November 14. 2017 3:18PM
Rockingham County Attorney Patricia Conway said Tuesday that New Hampshire State Police had conducted an investigation into the two Phillips Exeter Academy deans and their compliance with a state law that requires anyone to report suspected child abuse. 

Two Phillips Exeter Academy deans escaped criminal prosecution for failing to report a possible sexual assault on a 17-year-old student, a decision the prosecutor in the case defended on Tuesday.

Rockingham County Attorney Patricia Conway said New Hampshire State Police had conducted an investigation into the two deans and their compliance with a state law that requires anyone to report suspected child abuse.

Conway said she didn't believe she could prove the case in court, so she did not bring forth charges.

"Part of it was witness cooperating issues, and part of it was the strength of the evidence," Conway said. "There's still some sensitive issues there in terms of prosecuting the case."

Conway spoke the day that the New York Times reported about Conway's decision not to prosecute Phillips Exeter deans Arthur J. Cosgrove and Melissa D. Mischke.

The case involved a 17-year-old Phillips Exeter student who had accused a fellow student, Chukwudi Ikpeazu, who was then 18, of fondling her against her wishes in 2015. Ikpeazu was eventually charged with misdemeanor sexual assault, but prosecutors dropped charges against him in June.

The Times reported that a state police trooper had gone as far as drafting arrest warrants for the two deans on charges of failure to report; the trooper then turned the drafts over to Conway’s office.

Conway said the decision was also made in the context of an agreement reached earlier this year by Exeter police and Phillips Exeter Academy. The agreement requires any suspected sexual abuse, whether of a child or adult, be reported to Exeter police.

Had such an agreement been in effect, Conway said, it would have helped the state prove the two deans knowingly failed to report abuse.

The agreement addressed issues that arose from a year-long investigation of sexual assaults at the preparatory school, some decades old.

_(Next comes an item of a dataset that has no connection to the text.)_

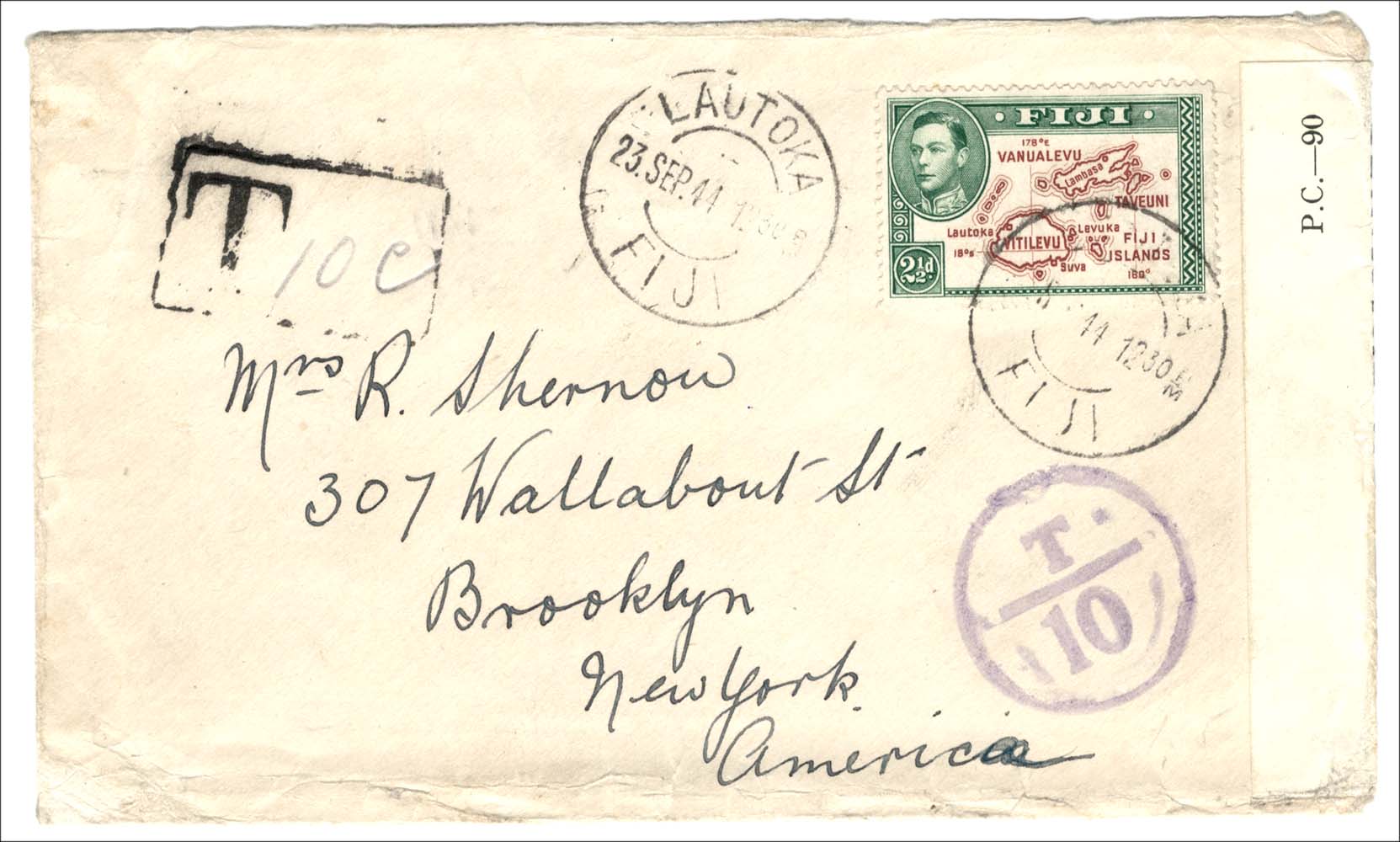 Fiji 1944 Neat censored underpaid cover to USA, 2½d vfu, Lautoka cds, 2x tax h/stamps

Before the agreement, it appears Phillips Exeter would conduct an internal investigation and often stop at that, Conway said.

"The first thing they need to do, first and foremost, is report it," Conway said.

The reporting agreement also calls for all Phillips Exeter employees to be trained about child sexual abuse.

Phillips Exeter issued this joint statement by Cosgrove and Mischke Tuesday evening: "In our respective capacities of Dean of Students and Dean of Residential Life at Phillips Exeter Academy over a number of years, we have repeatedly reported possible cases of sexual abuse and misconduct to the New Hampshire Division of Youth, Children and Family Services and the Exeter Police Department.

"Based on the information reported to us in October of 2015, we did not believe, in good faith, that a reportable offence had occurred. If we had, we would have reported it as we had always done and continue to do to this day."

Cosgrove and Mischke's statement, as well as a letter sent to school alumni, can be viewed below:



Conway stressed that Exeter police handled the investigation into a possible sexual assault; state police investigated Cosgrove and Mischke and the potential mandatory reporting violation. The Union Leader has filed Right-to-Know requests with both Conway and state police for the investigation into Cosgrove and Mischke. Conway said it is a public record, but she would need time to comply with the request.

State police Col. Christopher Wagner said he has received requests from several media for his agency's investigation. A lawyer for state police estimated it would take 30 days to fulfill the request.

In June, Conway's office dropped a misdemeanor sexual assault charge against Ikpeazu. He had been accused of fondling the girl's breasts in the basement of the campus church.

According to the Boston Globe, the girl initially didn't report the incident to police and instead agreed to a proposal by the school's minister, the Rev. Robert Thompson, to meet with Ikpeazu to resolve the allegation.

The Globe reported that Thompson urged Ikpeazu to agree to an "act of penance" that involved baking bread for the teen for the remainder of the school year. The continuous bread deliveries created stress for the girl as she continued to face Ikpeazu, the paper reported.

The teen eventually reported the incident to Exeter police and the Rockingham County Attorney's Office.

Ikpeazu's lawyer has maintained his client's innocence, and prosecutors dropped the charges after Ikpeazu promised to follow some conditions. Conway's office did not disclose the conditions when then-prosecutor Patricia LaFrance dropped the charges.